Conversation history is maintained within session scope, so follow-ups like “tell me more about that” work as expected. The frontend also preserves the visible chat thread per session, so upload-triggered page refreshes do not wipe the current conversation view.

Streaming UX

Answers are streamed into the chat UI progressively.

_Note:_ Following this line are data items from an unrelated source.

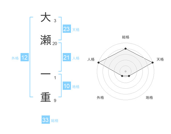 大瀬 一重さんを姓名の画数から五運を鑑定
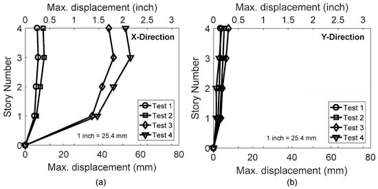 Building displacement profile in (a) the X-direction and (b) the Y-direction.
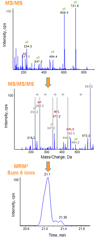 When a peptide is fragmented in the collision cell, a number of product ions are generated that can be assessed for use in MRM3 experiment (Figure 2, top). For the DTINFLSK peptide, the dominant y5 ion was isolated and fragmented in the linear ion trap to generate an MS3 spectrum (Figure 2, middle). Multiple secondary product ions are extracted using a width of 0.5 Da and summed together to produce the MRM3 signal shown (Figure 2, bottom). Integration of the resulting peak provides the quantitative data.
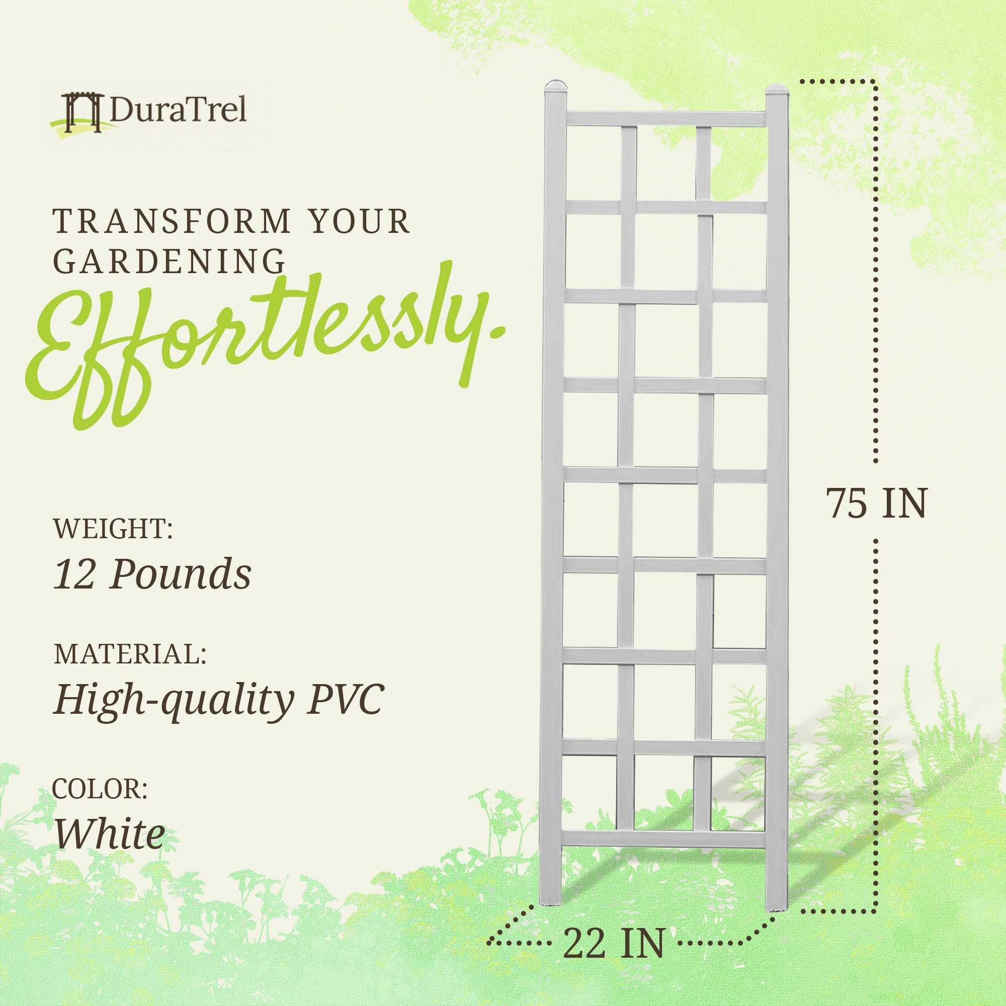 Complete your garden or plant room environment with the Dura-Trel Providence 22 x 75-inch Lattice Trellis. Elevate your gardening experience with this high-quality, low-maintenance trellis that lets your greenery take center stage.
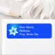 Mit einem weißen Fraktal Star of David auf blauem Hintergrund. Das gleiche Design findet man auf Einladungen und Karten.
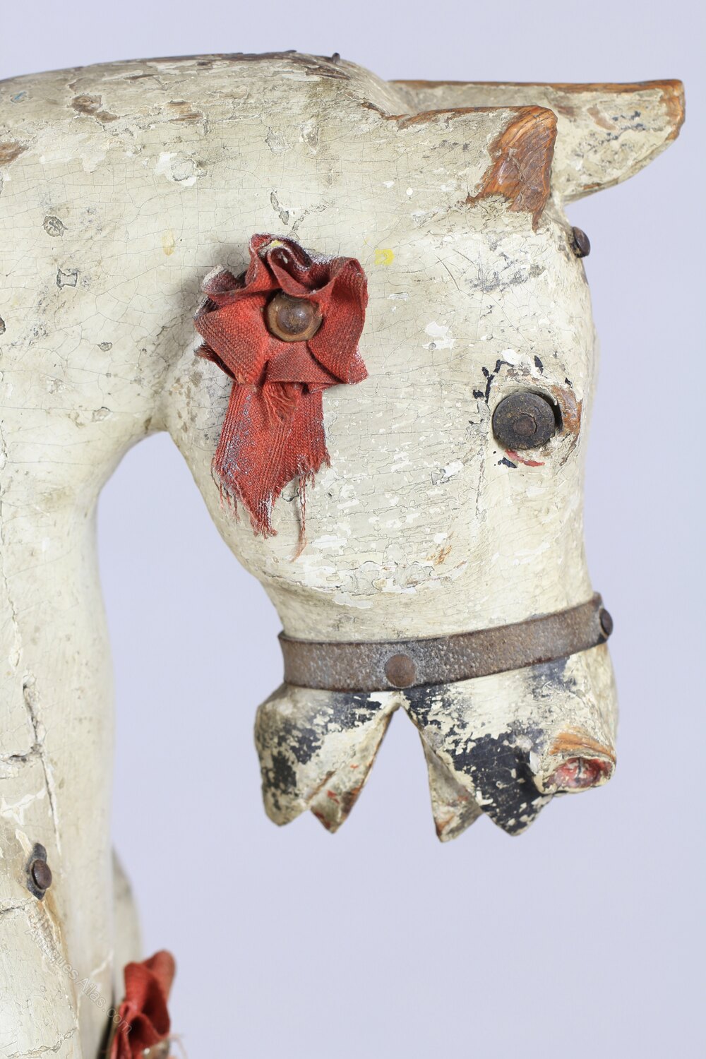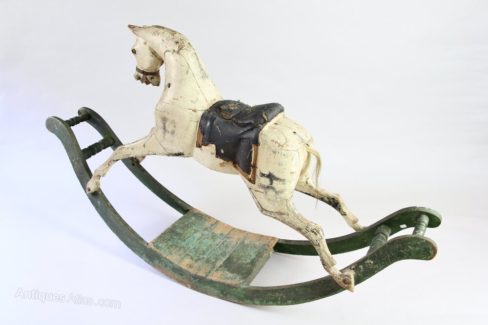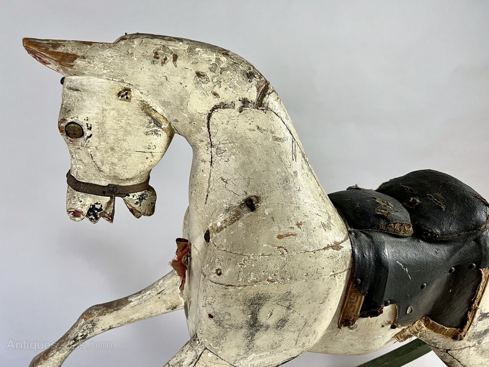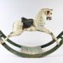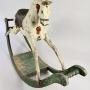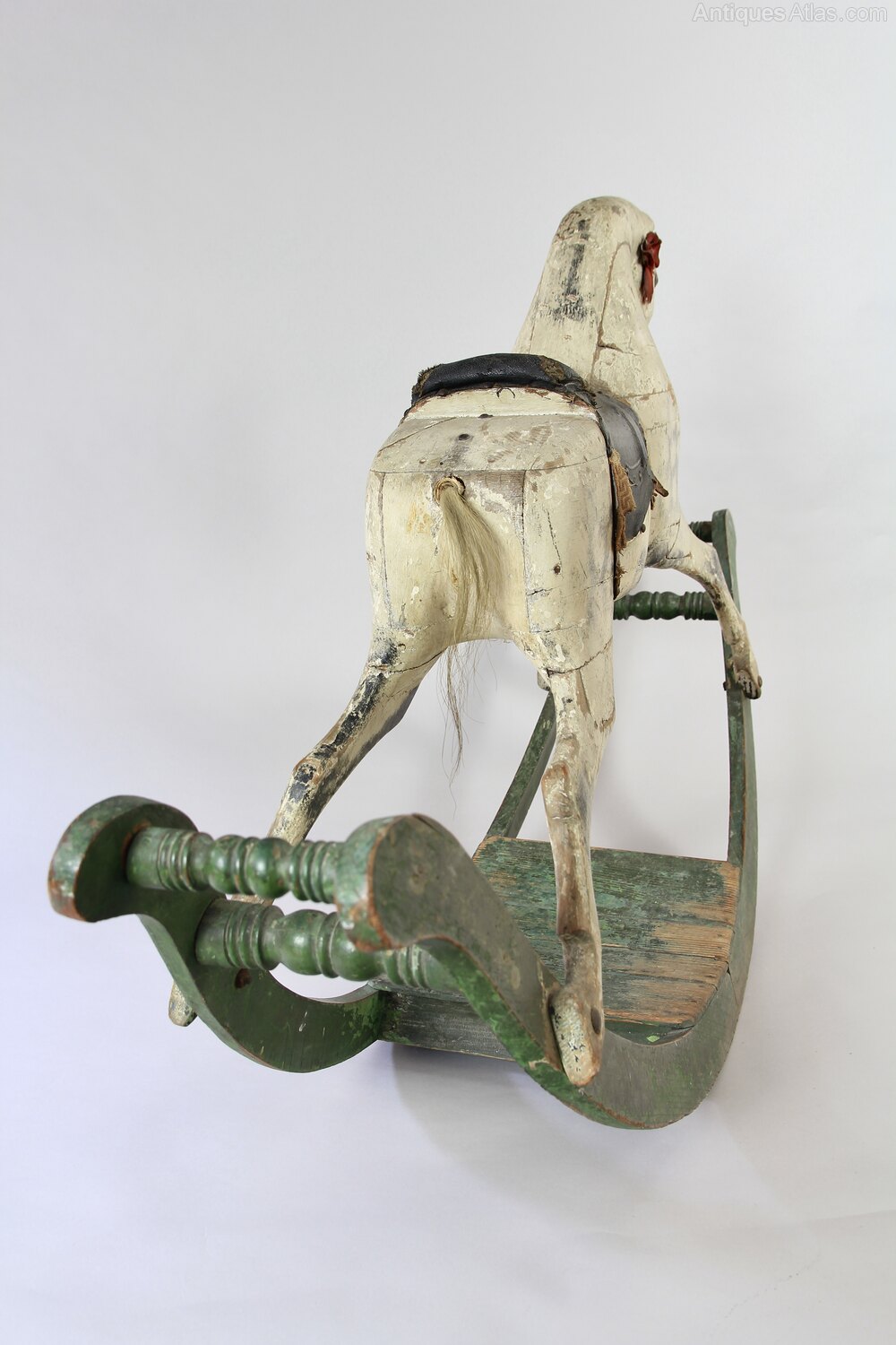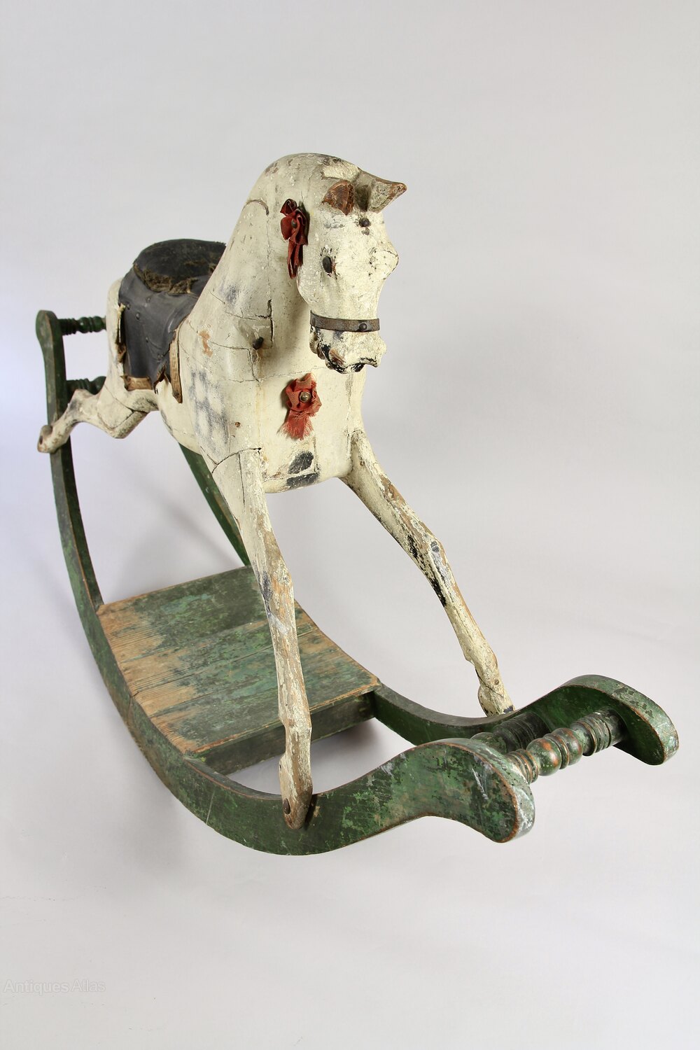An early carved wood childs rocking horse. Dating from the mid 19th century, it has an original painted finish, the dappling on the horse faded and worn with use. The stuffed saddle has seen many rides!The horse sits on original bow rockers, painted green.This charming antique rocking horse is rare, as it has not been re-furbished, and needs to be enjoyed in its originality.

the visible response is rendered chunk by chunk
source cards are attached after the answer completes
a slight pacing delay is added so the stream feels live to the user

The streaming route is separate from the standard JSON /ask response path.

Bonus Feature

I added hash-based deduplicated ingestion:

If the same PDF is uploaded again, processing/indexing is reused.
Access control is still user-scoped via ownership mapping.

Why I chose this:

saves compute/time,
avoids duplicate indexing,
keeps retrieval secure per user.

I also implemented LLM-based document filtering:

The system sends all user documents (filename, summary, preview) to the LLM
LLM semantically analyzes and selects only truly relevant documents for the query
Returns a JSON array of relevant file hashes
It is not forced to return a capped number of documents
Fallback returns all candidate document hashes if the LLM call fails

Challenges I Ran Into

Heavy embedding dependencies made deployment images too large.
- I standardized on Jina API embeddings/reranking to keep the runtime lighter while preserving retrieval quality.
Source rendering got messy across multiple chat turns.
- I separated answer text from source payloads and extracted sources per turn.
Intermittent DB DNS/pooler issues during deployment.
- I improved connection handling and standardized Supabase transaction-pooler config.
UI state was getting lost after document uploads.
- I persisted the active chat thread in session storage so the current conversation remains visible after refresh.

If I Had More Time

Add conversation history UI to display past chat sessions
Add automated citation-faithfulness checks
Add Alembic migrations for cleaner schema evolution
Add stronger eval/observability for routing and retrieval quality

Local Setup

cp .env.example .env
python3 -m venv .venv
source .venv/bin/activate
pip install -e .
uvicorn app.main:app --reload

Open: http://127.0.0.1:8000

Important Environment Variables

Required:

GROQ_API_KEY
SECRET_KEY
DATABASE_URL
JINA_API_KEY

Embeddings:

JINA_API_BASE (default: https://api.jina.ai/v1/embeddings)
JINA_EMBEDDING_MODEL (default: jina-embeddings-v3)
JINA_RERANKER_API_BASE (default: https://api.jina.ai/v1/rerank)
JINA_RERANKER_MODEL (default: jina-reranker-v3)
EMBEDDING_DIMENSIONS (default: 1024)
RETRIEVAL_K (default minimum final context size: 4)
RERANK_CANDIDATE_K (default minimum rerank candidate pool: 12)

Storage:

STORAGE_BACKEND=local|supabase
SUPABASE_URL
SUPABASE_SERVICE_ROLE_KEY
SUPABASE_STORAGE_BUCKET
SUPABASE_STORAGE_PREFIX

Web search:

WEB_SEARCH_PROVIDER=duckduckgo|tavily
TAVILY_API_KEY (if using Tavily)

Auth:

ACCESS_TOKEN_EXPIRE_MINUTES (default: 720)
For local development, lowering this can make login/logout testing easier

API Endpoints

POST /register
POST /login
POST /logout
POST /upload
GET /documents
DELETE /documents/{document_id}
GET /documents/{document_id}/pdf
POST /ask
POST /ask/stream

Sample Documents

As requested in the assignment, sample PDFs are included in test_documents/.

Railway Deployment

railway login
railway link
railway up

Set the same env vars in Railway service settings before deploying.